- YOUR ASSIGNMENT:
Nothing but the lines below, from the first through the line containing "Ribuan masyarakat tumpah", should be set down, each one exactly and without pictures.

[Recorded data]
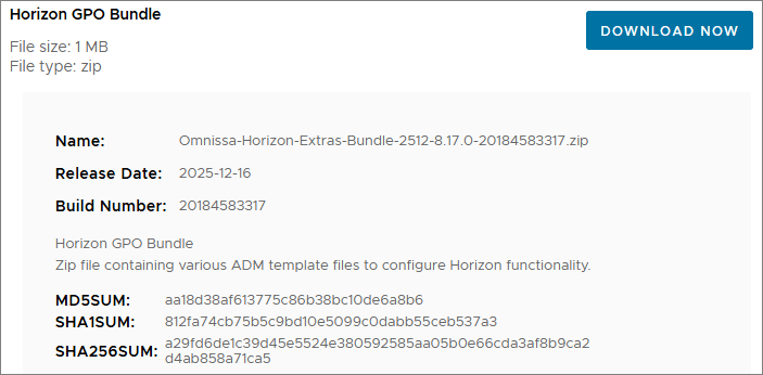 I start out by downloading the Horizon GPO Bundle from Omnissa Customer Connect
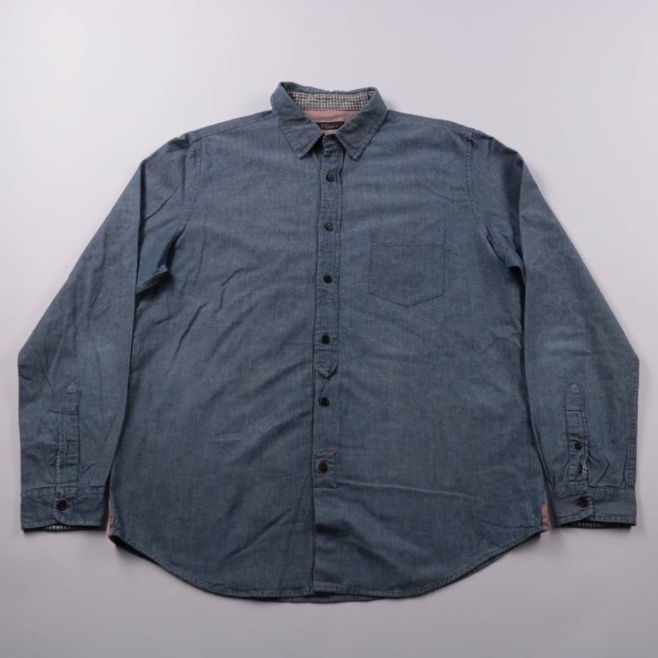 Мужская рубашка Zara Man из хлопка, выполнена в синем джинсовом стиле с нагрудным карманом и застёжкой на пуговицы. Подойдёт для повседневных образов на работу или прогулки, можно носить как самостоятельный верх или вторым слоем. Натуральный материал х...
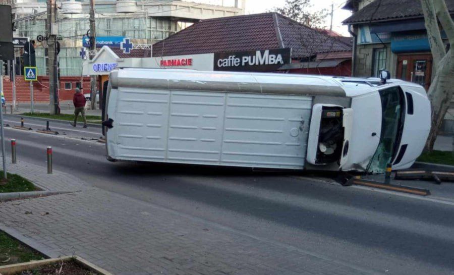 Accident grav în capitală. Un microbuz s-a răsturnat, după ce s-a tamponat cu o mașină.
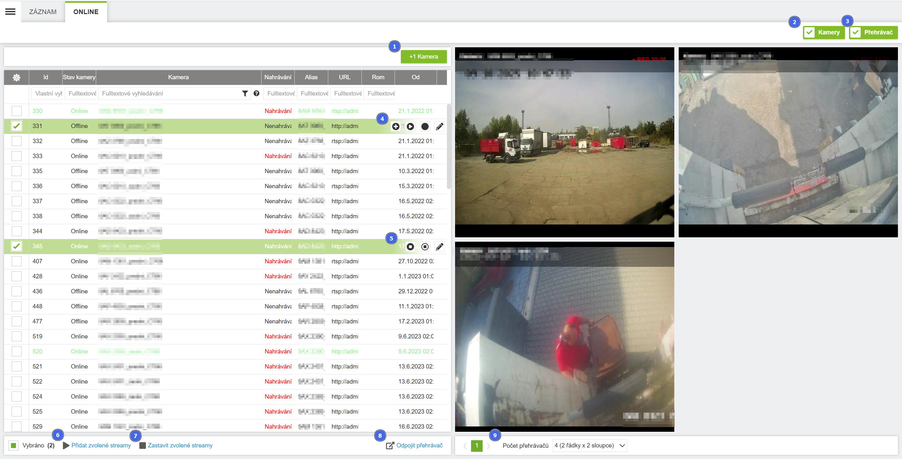 4Přidej stream, Spustit stream, Spustit nahrávání, UpravitPřidání další kamery do okna pro online přehrávání, Spuštění online přehrávání z kamery, Spuštění nahrávání pro vytvoření záznamu z kamery, které je potřeba také ukončit (viz funkce 5) pro zobrazení či stažení záznamu v záložce Záznam.  Upravení atributů dané kamery.
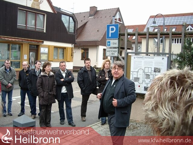 Erster Halt war beim freigelegten ehemaligen Römerbad. Mit Herzblut und sehr fundierten Kenntnissen erläuterte der örtliche Geschichtsforscher Heinrich Kühner, das Bad, die damalige Lebensweise und letztendlich die ehemaligen „Jagsthäuser Römer".
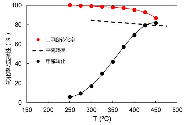 圖3:溫度變化對(duì)甲醇轉(zhuǎn)化率和二甲醚的選擇性影響。
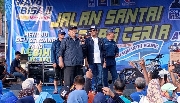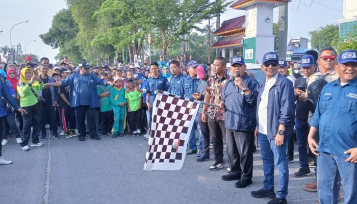 Ribuan masyarakat tumpah ruah memadati acara jalan santai dan Senam ceria yang digelar Relawan Pakam Bersatu di Lapangan Segitiga Lubuk Pakam, Minggu, (27/10/2024).
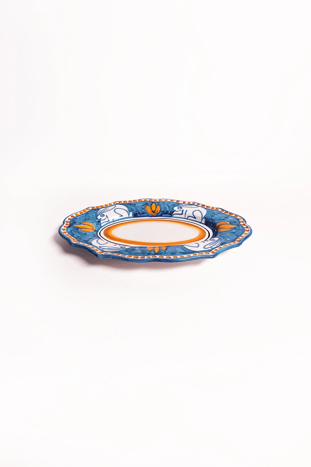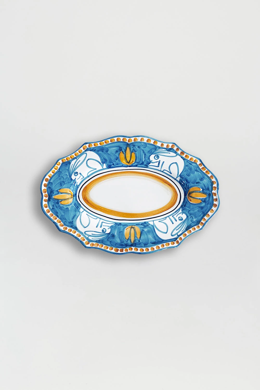 Plateau de service ovale en céramique avec motifs Lapins. Chaque pièce unique est fabriquée par des artisans italiens et décorée au pinceau sur la base de tons aquarellés et de thèmes bestiaires porte-bonheur.

- EXERCISE SOLUTION:
 I start out by downloading the Horizon GPO Bundle from Omnissa Customer Connect
 Мужская рубашка Zara Man из хлопка, выполнена в синем джинсовом стиле с нагрудным карманом и застёжкой на пуговицы. Подойдёт для повседневных образов на работу или прогулки, можно носить как самостоятельный верх или вторым слоем. Натуральный материал х...
 Accident grav în capitală. Un microbuz s-a răsturnat, după ce s-a tamponat cu o mașină.
 4Přidej stream, Spustit stream, Spustit nahrávání, UpravitPřidání další kamery do okna pro online přehrávání, Spuštění online přehrávání z kamery, Spuštění nahrávání pro vytvoření záznamu z kamery, které je potřeba také ukončit (viz funkce 5) pro zobrazení či stažení záznamu v záložce Záznam.  Upravení atributů dané kamery.
 Erster Halt war beim freigelegten ehemaligen Römerbad. Mit Herzblut und sehr fundierten Kenntnissen erläuterte der örtliche Geschichtsforscher Heinrich Kühner, das Bad, die damalige Lebensweise und letztendlich die ehemaligen „Jagsthäuser Römer".
 圖3:溫度變化對(duì)甲醇轉(zhuǎn)化率和二甲醚的選擇性影響。
 Ribuan masyarakat tumpah ruah memadati acara jalan santai dan Senam ceria yang digelar Relawan Pakam Bersatu di Lapangan Segitiga Lubuk Pakam, Minggu, (27/10/2024).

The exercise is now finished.